Therapy & Pharma Vultures Swoop Down for Easy Profit as COVID-19 Gets Declared a ‘Mental Health Crisis’

Transforming the Covid-19 pandemic into a mental health problem has created opportunities for a variety of therapeutic ‘experts’ and psychopharmaceutical companies to exploit anxiety and uncertainty.

The UK is a few days into a ‘lockdown’ on people leaving their houses to control the spread of Covid-19 along with many countries around the world. Boredom, uncertainty, working from home with children in tow and lack of social contact is likely to make many of us miserable. However, it has become difficult to ignore the way that the pandemic has been transformed into a mental health problem. A release from Harvard University described responses to Covid-19 in almost medical terms, listing likely ‘reactions’ such as “anxiety, worry or panic,” “anger” and “skepticism or bravado”.

Indeed, the mental health fallout of the pandemic has been construed as equally troubling as the virus itself. Prince Harry and Meghan Markle have called coronavirus a “mental health crisis.” First lady of New York City Chirlane McCray and psychiatrist Kenneth Paul Rosenberg have said, “Just as we are moving rapidly to safeguard our physical health, we must act with equal urgency to preserve our mental health and make psychiatric care accessible.”

No doubt those with existing conditions will find what is effectively ‘house arrest’ difficult to cope with. However, the likelihood of becoming mentally unwell has been construed as a ‘normal’ response likely to be felt by the majority of the population. Yet this anxiety and distress is still seen in largely pathological terms. Former Australian Prime Minister Julia Gillard expressed ‘understanding’ that many in Australia would be feeling “uncertainty and concern” in relation to the coronavirus, directing people to a range of mental health supports. In response to the crisis, it is normal to be ill and in need of treatment.

If our responses to the pandemic are psychiatric symptoms, then it is little surprising that the answers aren’t to be found in keeping in touch with friends and family or getting creative with our time, but accessing a range of pharmaceutical treatments and therapeutic supports. The psychotherapeutic industry has been creatively refashioning its wares to cater to this new frame for making sense of the issue. The British Association for Counselling and Psychotherapy (BACP) announced a significant increase in members advertising online and telephone counselling services. Mindfulness practitioners are offering training seminars on ‘coping with Covid-19’ and guided meditations for frontline medical staff. Meditation apps have developed a range of introductory offers geared to the ‘stress of Covid-19’. Even hypnotherapists are getting in on the action.

Pharmaceutical companies may be busily searching for a cure or vaccine, but a range of ‘treatments’ for the collective malaise of lockdown are ready and waiting. If feeling bad in a bad situation is both to be expected and a health problem, patients, people in isolation and an anxious and uncertain population present a potential market for existing treatments and supports. Research on the handling of crises in China in the past has shown that there is a tendency to exploit them to bolster booming therapeutic and psychopharmaceutical industries worth billions per year.

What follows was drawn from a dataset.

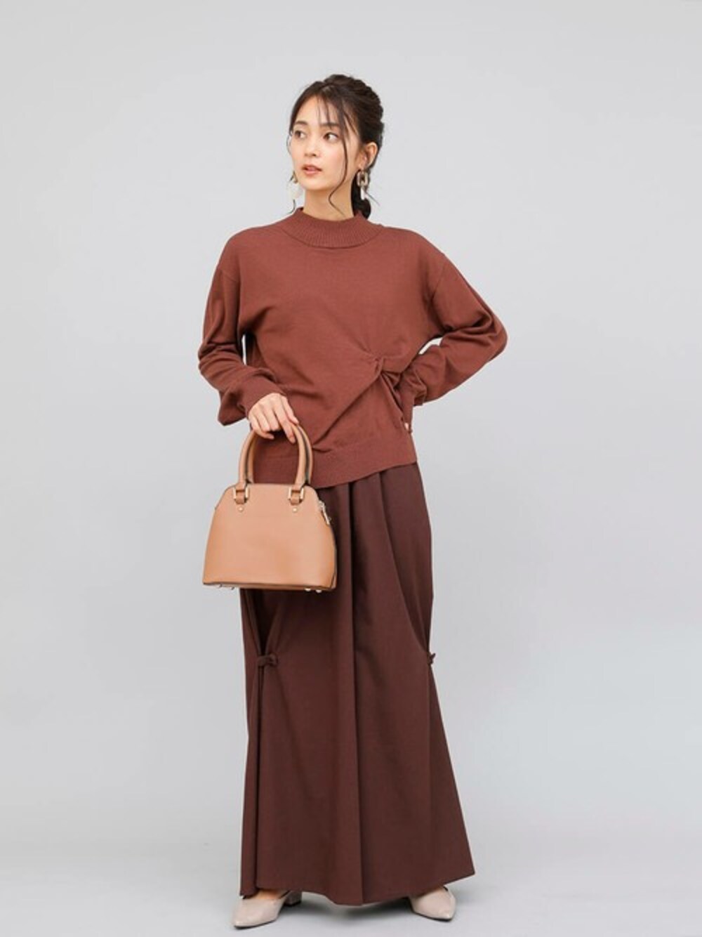 フロントにアクセントされたツイストディテールがぐっとトレンド感を演出してくれる一枚。 茶系のカラーを着用されますと、今期らしいモードライクな印象。 ベーシックカラーはデイリーにコーディネートしやすく着こなし幅が広がりそう。

While most of the increase in the use of psychotropic medications comes from long-term use, the US has moved to relax restrictions on psychiatrists to allow them to draw up prescriptions without needing to see patients face to face. While many new prescriptions will undoubtedly be necessary, it is questionable that claims about increases in anxiety on the part of the general population should be seen as issues requiring ‘treatment’. This is particularly true given the considerable difficulties of ending the use of such medications in the long term as well as considerable side effects.

Covid-19 is an unprecedented health emergency on its own without turning it into a psychological crisis. A pandemic is likely to produce anxiety and uncertainty. But the notion that these constitute ‘mental health problems’ has allowed a variety of psychotherapeutic entrepreneurs to exploit our uncertainties.